Exact copies of the lines from the one with "Автор статьи инженер" through the last line of the entries, and no pictures, make up the answer.
--- START ---
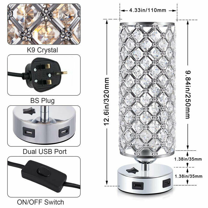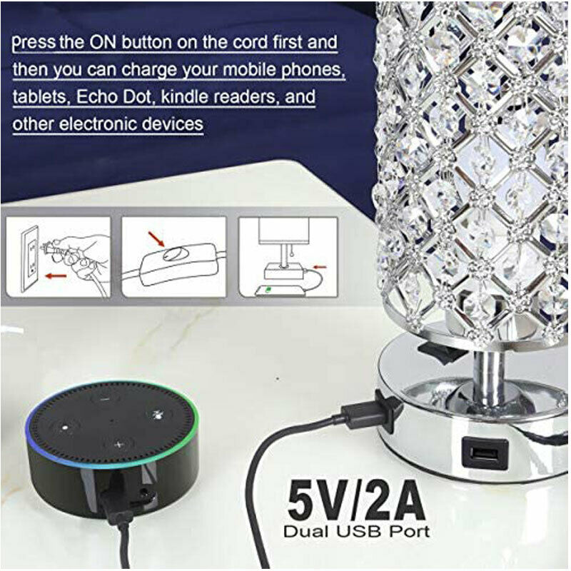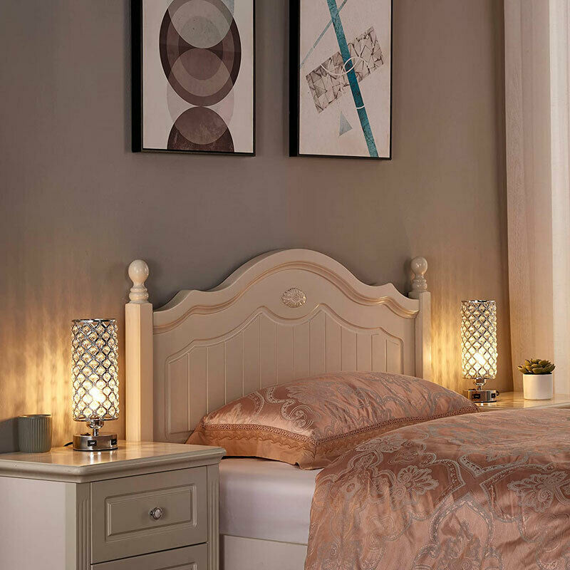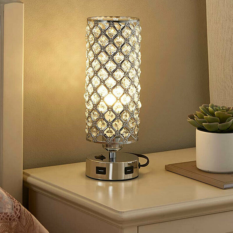 Modern USB Crystal Table Lamp Bedside Light Lighting Home Bedroom Decor (Without bulb)
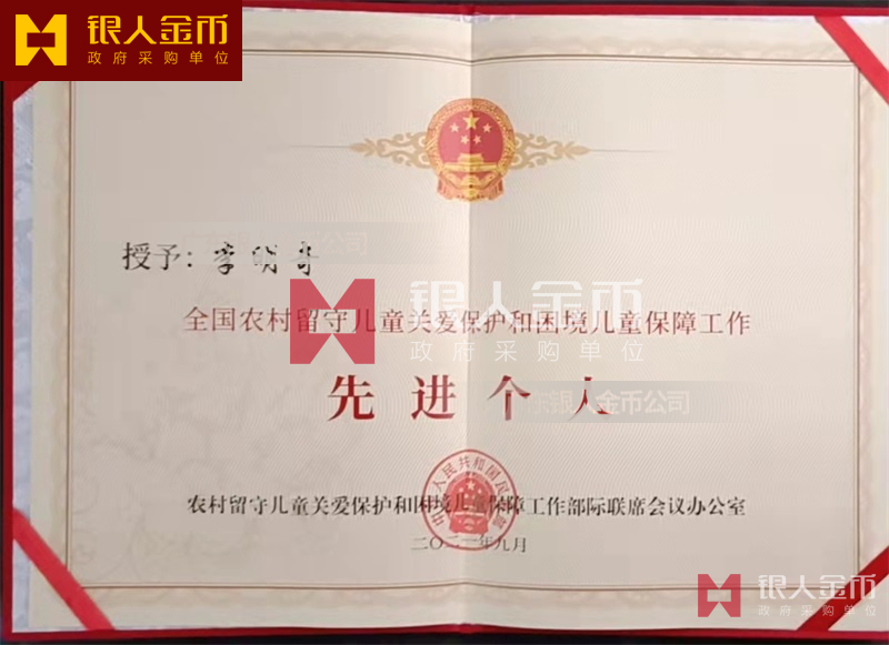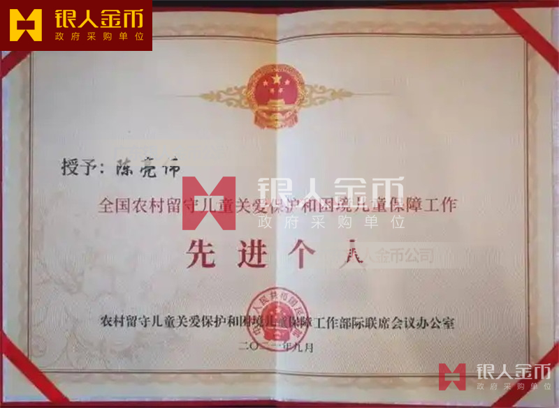 國務院全國農村留守兒童關愛保護和困境兒童保障工作先進集體獎牌證書和先進個人獎章紀念章勛章證書(圖)
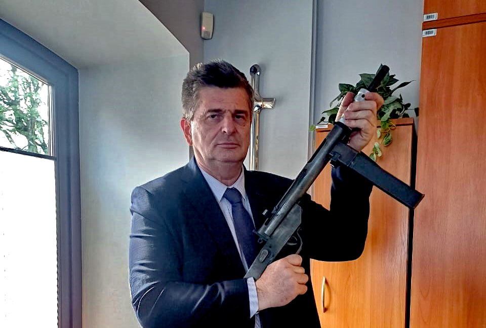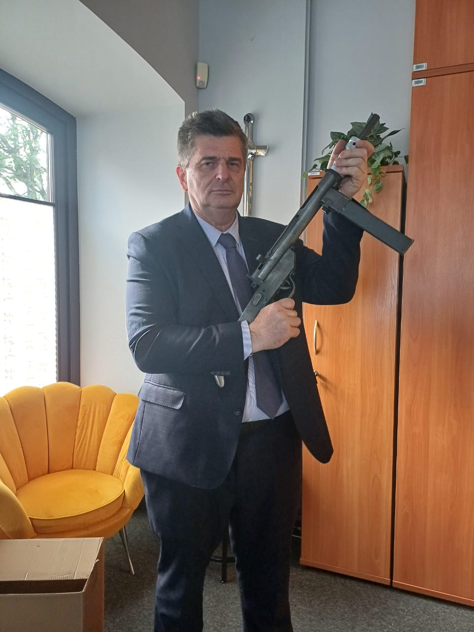 Автор статьи инженер Андрес Чованчак с пистолетом-пулеметом Błyskawica
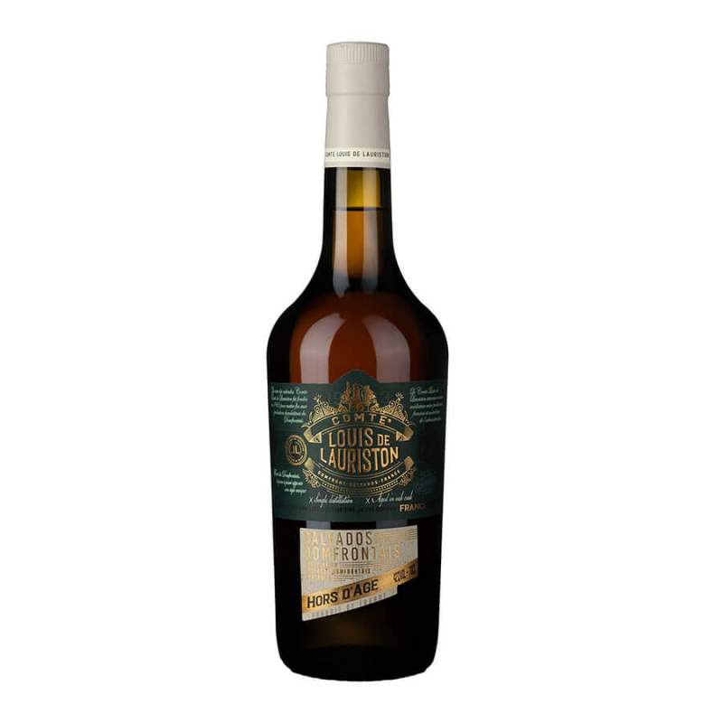 Cet AOC Calvados Domfrontais est vieilli 15 ans en fût de chêne par le producteur normand Compte Louis de Lauriston. Ce Calvados Hors d'âge a un taux d'alcool de 42%.
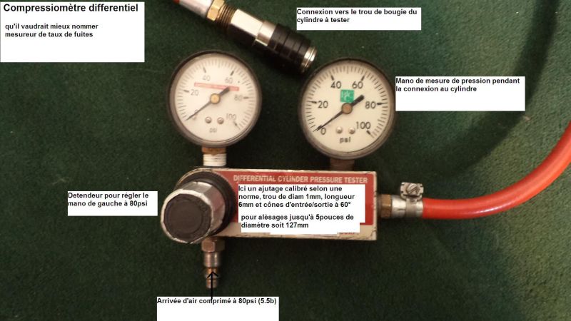 On conçoit que le mano de droite indiquera une pression inversement proportionnelle à la fuite d’air : 80 psi si fuite nulle, 0 psi si la sortie est à l’air libre.
--- END ---
■ Final answer
 Автор статьи инженер Андрес Чованчак с пистолетом-пулеметом Błyskawica
 Cet AOC Calvados Domfrontais est vieilli 15 ans en fût de chêne par le producteur normand Compte Louis de Lauriston. Ce Calvados Hors d'âge a un taux d'alcool de 42%.
 On conçoit que le mano de droite indiquera une pression inversement proportionnelle à la fuite d’air : 80 psi si fuite nulle, 0 psi si la sortie est à l’air libre.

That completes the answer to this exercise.